Now, imagine we want to walk a graph in parallel. Nodes can have no, one or many outgoing edges. Edges from different nodes might point to the same node. This means it's quite hard to predict how many edges or nodes are encountered at each step of the algorithm. Remember, you are on a GPU, you want to do things in parallel. And not use a kernel with a single thread to quickly count through all nodes or edges. That would be like a soloist on the broadway stage doing her thing, while hundreds of dancers stand in the background, being bored to death!

This means even simple things become complicated:

calculating a sum of all elements in an array (check cuda.reduce for a solution)
filtering an array for certain elements. E.g. turning 1,2,0,3,0,4 into 1,2,3,4. "Stream compaction" is a good keyword for further investigation.

Because I haven't found a solution for two, I am shifting arrays back and forth, and do some of the work on the host. Well, work in progress.

Putting it together

In bfs4.py I do a simple breadth-first-search on a graph. Let's look at an example graph:

I want to start at node 1, and find all nodes that I can reach from there, only going forward. The algorithm does this in parallel, so it reaches the following nodes. We don't go to nodes we already know.

[1]
[9]
[2,4,5]
[6,8]
[3]

So, how is this done? The graph is stored in an edge and a node array. The edge array stores each edge in the form source,target. From the edges_10.txt file:

Each line is an edge, the line number is the edgeid. E.g. edge number one in line number 1 contains the edge from 1 to 9.

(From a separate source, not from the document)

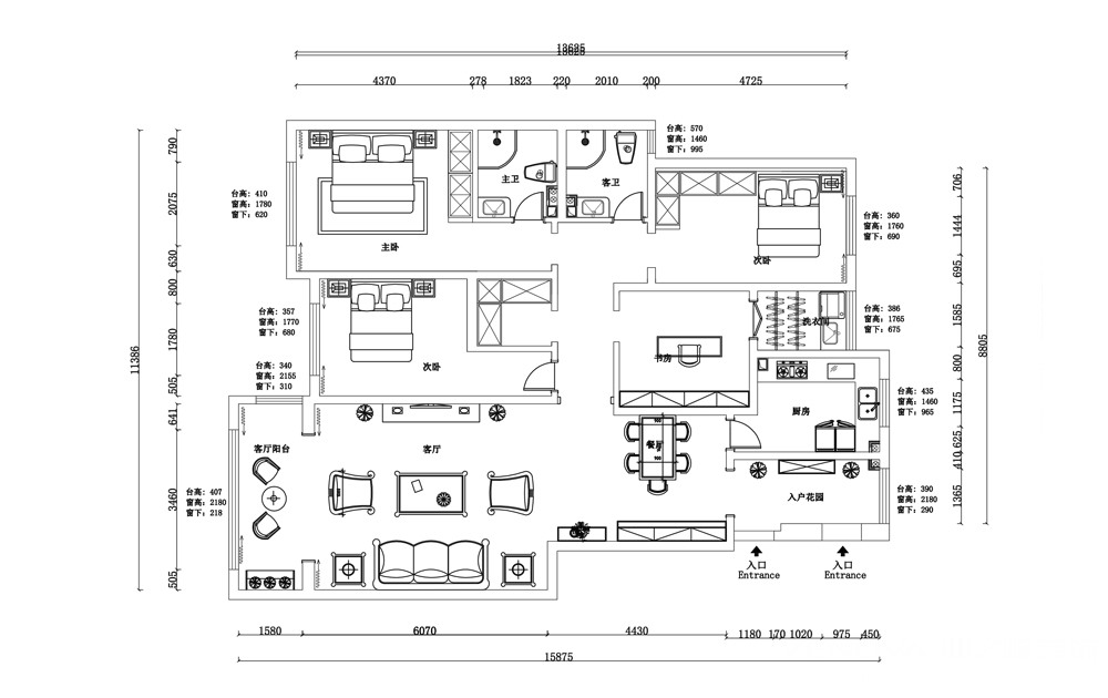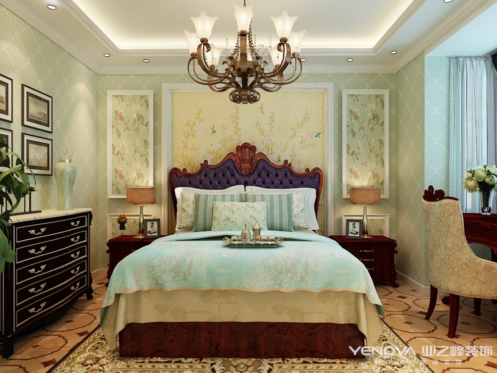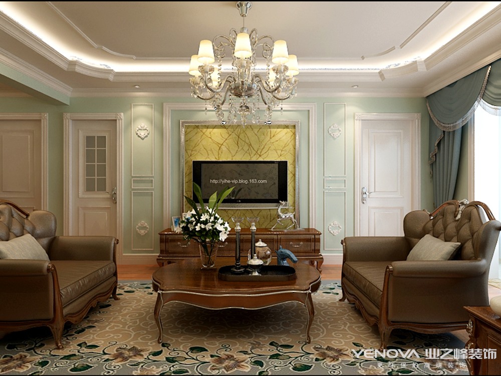 本案例针对业主需求,设计师为其甄选了欧式风格,古典欧式风格别墅装修最大的特点是在造型上极其讲究,给人的感觉端庄典雅、高贵华丽,具有浓厚的文化气息。在家具选配上,一般采用宽大精美的家具,配以精致的雕刻,整体营造出一种华丽、高贵、温馨的感觉。

The nodes live in edges_10.txt. Here we assume the first line has number 0, so node 1 really is in line 2. Each line stores information about the edges going from this node:

The first number is the offset in the edges file, the second number describes the number of edges. E.g the edges node 1 (in line 2) begin at the top (0), and there is one edge.

The complete is in https://github.com/jhb/gpgpu/blob/master/bfs4.py, please try for yourself.

Further research

First, I need to understand the basic building blocks like reduce or stream compaction. Then I really would like to implement a far more interesting algorithm that is described by Simon Evertsson in his thesis "Accelerating graph isomorphism queries in a graph database using the GPU". His code repository is here: https://github.com/SimonEvertsson/neo4j-gpu.